-------- DATA RECORDS --------

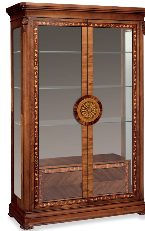
Mod.: 304021 VITRINA CON CAJONES L.: 136 cm. - P.: 55 cm. - A.: 207 cm.
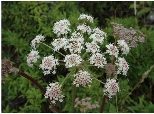
Hirschwurz Peucedanum cervaria
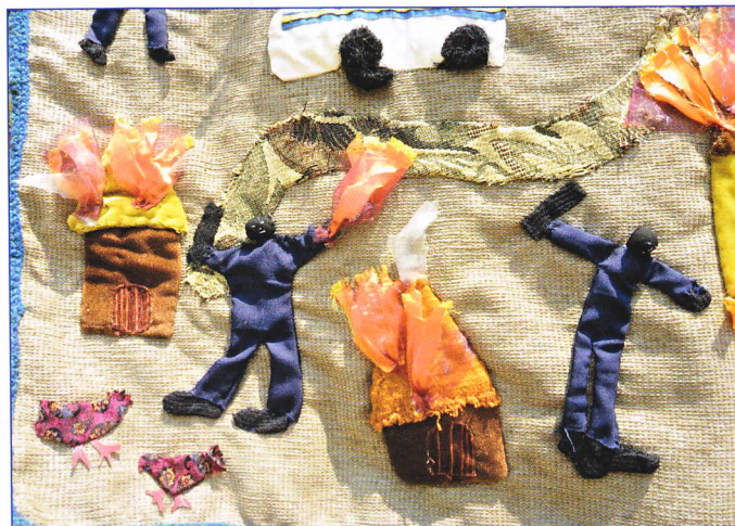
El día que jamás olvidaremos (detalle)
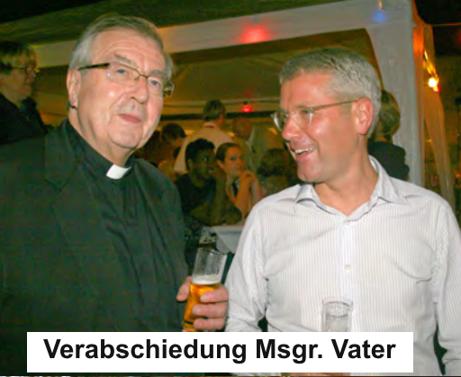
Verabschiedung Msgr. Vater
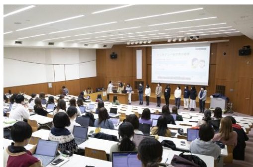
地域包括ケア論 I / II : 第1・2学年合同発表会

上述の各学問領域の実習を積み重ねた後に、自分の関心のある領域で総合実習を行い、看護に関する理解を深め、実践能力を向上させます。さらに卒業研究では、看護に関して特に興味・関心の深い研究テーマを見出し、研究活動の基本を学びます。
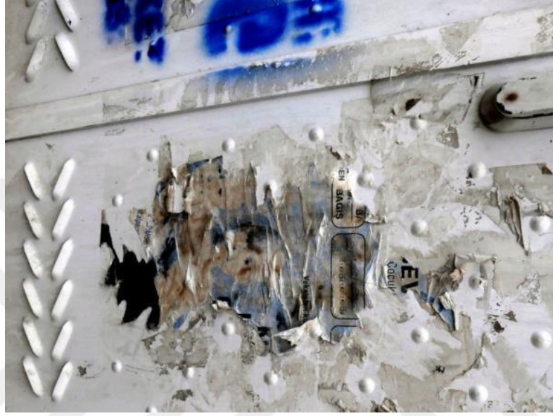
Görsel 9: Çınar Ağacı Gövdesinden Seçilmiş Kompozisyonun Oluşturduğu Soyut Fotoğraf

güçlü varlık ya da tanrı olarak karşılarında duran olası 'Aslan' ile ilişkilendirildiği bir seremoniyi yansıtıyor olabilir. Aslanın önündeki yine varlıklarla bezenmiş pano, onun tarafından yok edilen yaşantı dünyasının geçmiş zamanına ilişkin öznelere ilişkin bir yansıması” olarak değerlendirilebilir.
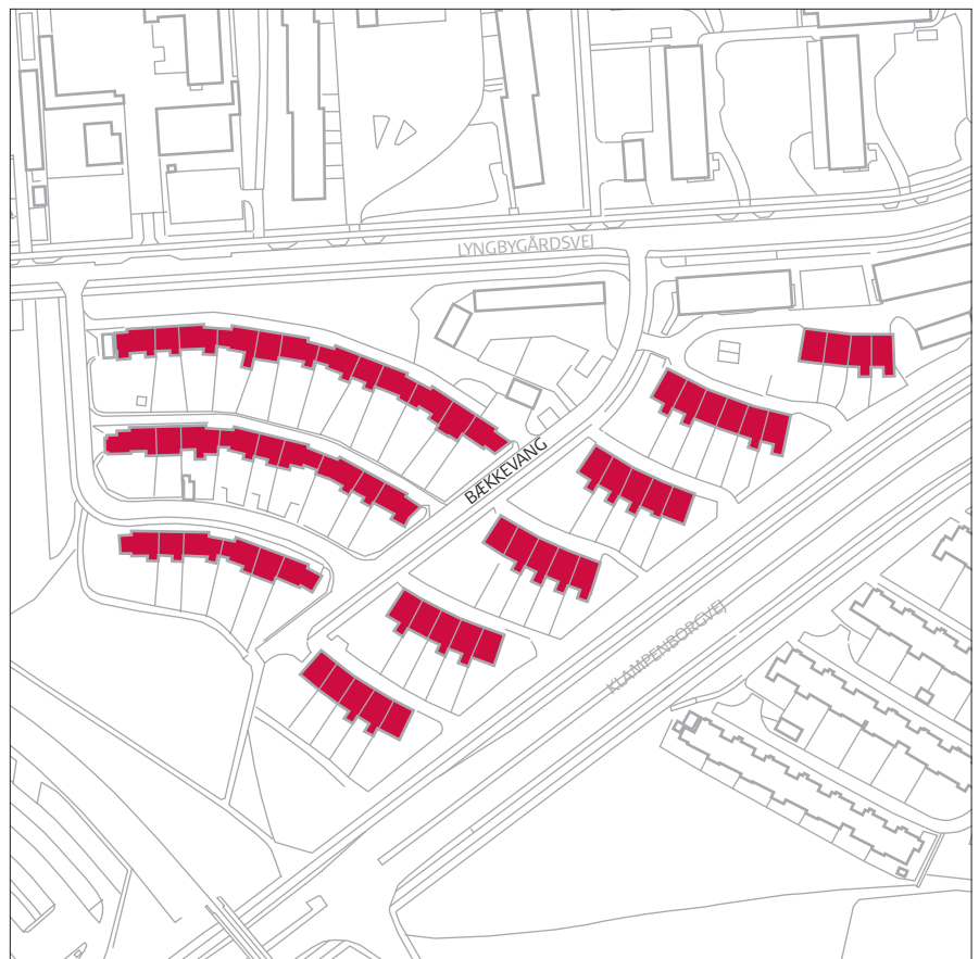
Bækkevang, bevaringsværdier mål 1:2.500

--------

◆ **PROBLEM TO SOLVE**:
Give again, word for word, the lines from the one containing "Verabschiedung Msgr. Vater" through the last line of the entries, with pictures omitted and nothing added.

◆ **RESULT**:
Verabschiedung Msgr. Vater
地域包括ケア論 I / II : 第1・2学年合同発表会

上述の各学問領域の実習を積み重ねた後に、自分の関心のある領域で総合実習を行い、看護に関する理解を深め、実践能力を向上させます。さらに卒業研究では、看護に関して特に興味・関心の深い研究テーマを見出し、研究活動の基本を学びます。
Görsel 9: Çınar Ağacı Gövdesinden Seçilmiş Kompozisyonun Oluşturduğu Soyut Fotoğraf

güçlü varlık ya da tanrı olarak karşılarında duran olası 'Aslan' ile ilişkilendirildiği bir seremoniyi yansıtıyor olabilir. Aslanın önündeki yine varlıklarla bezenmiş pano, onun tarafından yok edilen yaşantı dünyasının geçmiş zamanına ilişkin öznelere ilişkin bir yansıması” olarak değerlendirilebilir.
Bækkevang, bevaringsværdier mål 1:2.500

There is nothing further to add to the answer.